Activity:
Starting at the line that holds "它们两校的资产总和达到210亿英镑,其中包含近35亿英镑的房产。" and stopping at the line that holds "之前有个一命无暇元婴的存档,回来后发现更新了不少,于是直接推到一命成仙", restate the records below word for word, with both of those lines included.

Supplied records:
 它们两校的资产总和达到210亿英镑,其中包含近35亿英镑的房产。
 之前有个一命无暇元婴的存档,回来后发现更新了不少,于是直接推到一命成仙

---

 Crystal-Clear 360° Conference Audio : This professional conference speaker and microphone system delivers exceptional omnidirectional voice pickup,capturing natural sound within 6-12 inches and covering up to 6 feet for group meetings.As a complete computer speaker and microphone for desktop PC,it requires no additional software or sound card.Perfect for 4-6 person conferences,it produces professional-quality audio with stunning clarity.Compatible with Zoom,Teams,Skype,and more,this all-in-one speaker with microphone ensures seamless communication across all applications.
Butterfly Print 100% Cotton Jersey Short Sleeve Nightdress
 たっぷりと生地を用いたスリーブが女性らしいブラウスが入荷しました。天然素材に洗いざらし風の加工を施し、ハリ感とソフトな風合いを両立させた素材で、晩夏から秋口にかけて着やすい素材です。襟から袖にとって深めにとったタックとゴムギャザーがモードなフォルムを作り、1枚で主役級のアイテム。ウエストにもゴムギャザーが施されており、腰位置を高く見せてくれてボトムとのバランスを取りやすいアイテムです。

Answer to the exercise:
 它们两校的资产总和达到210亿英镑,其中包含近35亿英镑的房产。
 之前有个一命无暇元婴的存档,回来后发现更新了不少,于是直接推到一命成仙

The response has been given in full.